Dar (brother in law, pictured inserting the tube into the boat), is a fantastic river guide. He is also very good and instructing the rest of us on what we need to do and expect on the river. Our safety is his prime concern. After that, he just wants everyone to enjoy their experience.
When we got to the river, we were given our boat assignments. Destry, Dylan and I were to be in front. We were tube punchers, responsible for making sure the bow of the boat went into the wave making it harder for us to tip over. You can imagine the increase in my apprehension. I would be required to tackle this river head on, lowering my body and throwing my face right into the water. The boys were thrilled at the concept.

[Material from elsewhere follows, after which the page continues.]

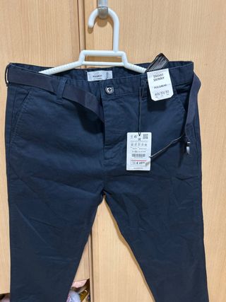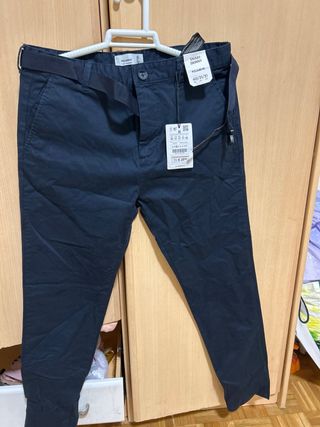 Pantalón de vestir Pull&Bear estilo Smart Skinny. - Incluye cinturón de tela a juego. - Cierre de botón y cremallera. - Bolsillos delanteros y traseros. Es ropa de hombre nueva. Mi hermano la compró en su momento pero jamás la usó.

As usual, my fear lessens after the first fast water. We successfully punched through the first wave, I was soaked, boys were thrilled and I was fine. Dar let Dylan exit the boat and swim along side the raft in calmer places. Dylan commented on the speed of the water, saying he was surprised by the current.

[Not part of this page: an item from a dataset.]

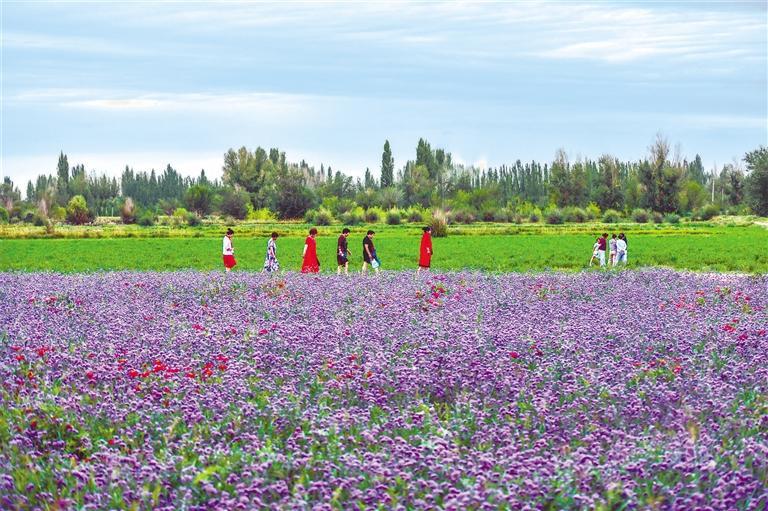 游人在敦煌月牙泉鎮(zhèn)百畝花田游覽

We had so much fun. Each rapid becoming more thrilling, larger and more powerful. Some soaking us, others just impressing us with their raw power.

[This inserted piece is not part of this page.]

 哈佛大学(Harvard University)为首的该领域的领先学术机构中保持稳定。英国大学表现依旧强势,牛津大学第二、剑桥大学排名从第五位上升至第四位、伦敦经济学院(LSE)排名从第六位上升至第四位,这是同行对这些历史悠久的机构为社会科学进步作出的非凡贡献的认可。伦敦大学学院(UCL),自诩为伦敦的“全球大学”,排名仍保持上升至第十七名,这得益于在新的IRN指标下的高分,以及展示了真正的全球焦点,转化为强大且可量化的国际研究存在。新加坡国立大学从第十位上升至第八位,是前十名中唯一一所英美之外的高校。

At one point we pulled the boat to shore and Dar, my boys and Mark (Sherly’s youngest brother) walked upstream to swim a rapid where an underwater waterfall causes water to bubble to the surface. Champagne, it is called. It was frightening to watch my boys swim out into the river, then be sucked down through a rocky rapid, then swim fast towards the eddy line. Even after he was remotely safe, Destry looked panicked as the current of the eddy took him past the boat. Dylan climbed out of the river, removing his life jacket so he could breathe again. They were never in too much danger, but both of them were first hand witnesses to the power of water. I think their attitude changed from that moment. They looked at the river differently.
As soon as we finished our run, the boys wanted to go again. I on the other hand, was ready for some food and a nap.